### DATA FOR PROCESSING

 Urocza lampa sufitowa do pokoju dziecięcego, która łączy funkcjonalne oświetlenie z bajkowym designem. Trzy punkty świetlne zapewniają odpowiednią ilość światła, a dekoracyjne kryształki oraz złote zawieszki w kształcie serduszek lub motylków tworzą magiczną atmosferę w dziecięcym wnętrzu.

######
### DATA FOR PROCESSING

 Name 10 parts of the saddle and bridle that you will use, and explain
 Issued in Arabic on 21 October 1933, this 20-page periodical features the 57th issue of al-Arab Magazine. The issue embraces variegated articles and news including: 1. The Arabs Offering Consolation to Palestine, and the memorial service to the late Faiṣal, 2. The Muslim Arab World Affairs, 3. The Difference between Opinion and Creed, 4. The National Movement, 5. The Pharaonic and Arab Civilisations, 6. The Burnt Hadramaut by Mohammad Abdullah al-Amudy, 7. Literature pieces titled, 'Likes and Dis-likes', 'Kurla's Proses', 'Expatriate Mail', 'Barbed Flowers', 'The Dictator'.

######

- [ABOUT THIS TASK] Would you copy out exactly the lines above that start at the one containing "Name 10 parts" and end at the one containing "Issued in Arabic", inclusive?

- [SOLVED PROBLEM]
 Name 10 parts of the saddle and bridle that you will use, and explain
 Issued in Arabic on 21 October 1933, this 20-page periodical features the 57th issue of al-Arab Magazine. The issue embraces variegated articles and news including: 1. The Arabs Offering Consolation to Palestine, and the memorial service to the late Faiṣal, 2. The Muslim Arab World Affairs, 3. The Difference between Opinion and Creed, 4. The National Movement, 5. The Pharaonic and Arab Civilisations, 6. The Burnt Hadramaut by Mohammad Abdullah al-Amudy, 7. Literature pieces titled, 'Likes and Dis-likes', 'Kurla's Proses', 'Expatriate Mail', 'Barbed Flowers', 'The Dictator'.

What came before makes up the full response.